2.5. Comparison of Erdr1 Expression in Alopecia Subgroups

Next, the expression levels of Erdr1 in different alopecia subgroups were determined. In the epidermis of alopecia subgroups, Erdr1 expression levels were significantly downregulated (AA: mean ± SEM, 107.36 ± 9.77; scarring alopecia: mean ± SEM, 105.60 ± 5.29; traction alopecia: mean ± SEM, 113.99 ± 7.46), when compared to that in healthy controls (mean ± SEM, 132.24 ± 3.15; p = 0.023). However, there was no significant (p = 0.468) difference in the epidermal expression of Erdr1 among different alopecia subgroups. By contrast, a significant (p = 0.001) difference of Erdr1 expression in hair follicles was found among the different alopecia subgroups. Follicular Erdr1 expression in AA (mean ± SEM, 42.16 ± 10.76) was significantly downregulated, when compared to that in other subgroups (scarring alopecia, mean ± SEM: 82.87 ± 5.32, p = 0.002; traction alopecia, mean ± SEM: 94.76 ± 12.60, p = 0.003) (Figure 7).

3. Discussion

Although enormous datasets are available in hair biology, little is known about the pathological mechanisms of various hair loss disorders. Therefore, we examined the role of the novel molecule Erdr1 in these disorders. Our results demonstrated that Erdr1 was downregulated in diverse hair loss disorders, including AA, scarring alopecia, and traction alopecia. In particular, Erdr1 was significantly downregulated in hair follicles of AA patients, when compared to that in hair follicles of patients with scarring alopecia and traction alopecia.

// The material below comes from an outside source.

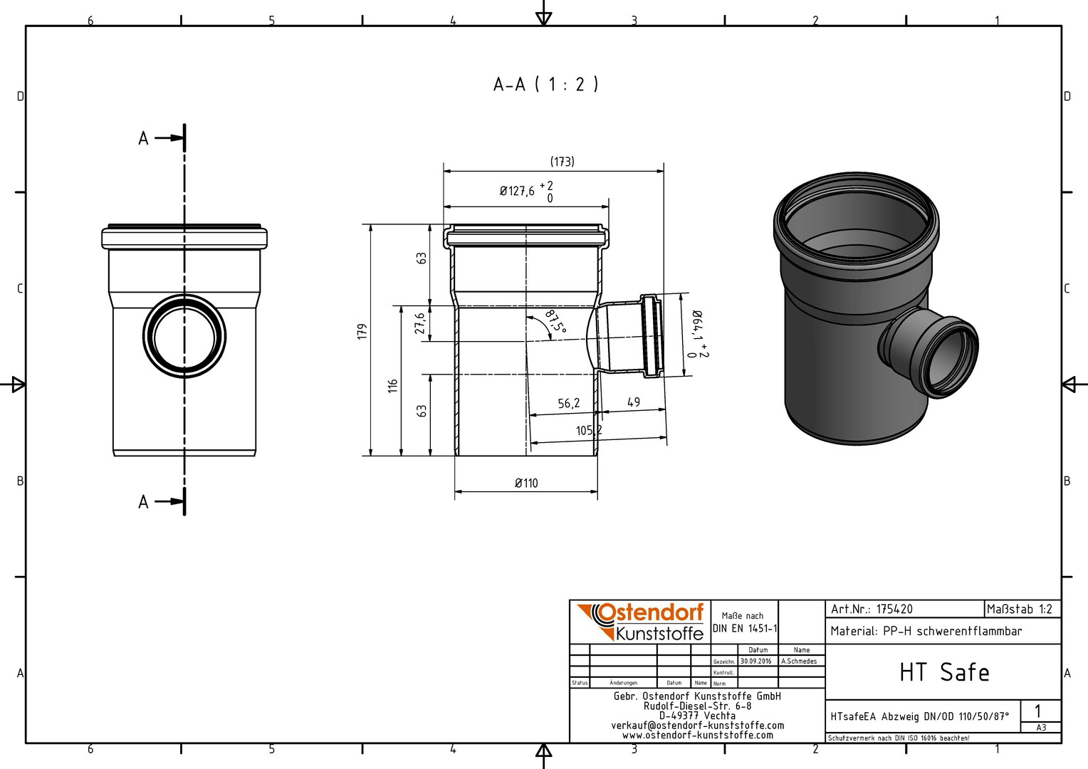 Ostendorf HTsafe Abzweig EA DN/OD 110/50 x 87,5°

It has been reported that Erdr1 is expressed in erythroleukaemia cell lines and various tissues, including the thymus, placenta, brain, intestine, and bone marrow [22]. In a previous study, we found that Erdr1 is expressed in human epidermis, sebaceous glands, eccrine glands, vessels, and nerves [23]. However, the expression of Erdr1 in a healthy hair’s follicular structure has not been yet reported. In the present study, we demonstrated that Erdr1 was expressed in the hair follicle, although the intensity of its expression was lower in follicles, than that in the epidermis. Erdr1 is a regulator of cell homeostasis, by regulating cell survival and apoptosis [24]. At low concentrations, Erdr1 can enhance cell survival. However, it induces cell apoptosis at high concentrations [24]. Because Erdr1 acts differently, depending on its concentrations, such a difference in the expression between healthy epidermis and hair follicles, might contribute to divergent mechanisms that regulate cell homeostasis.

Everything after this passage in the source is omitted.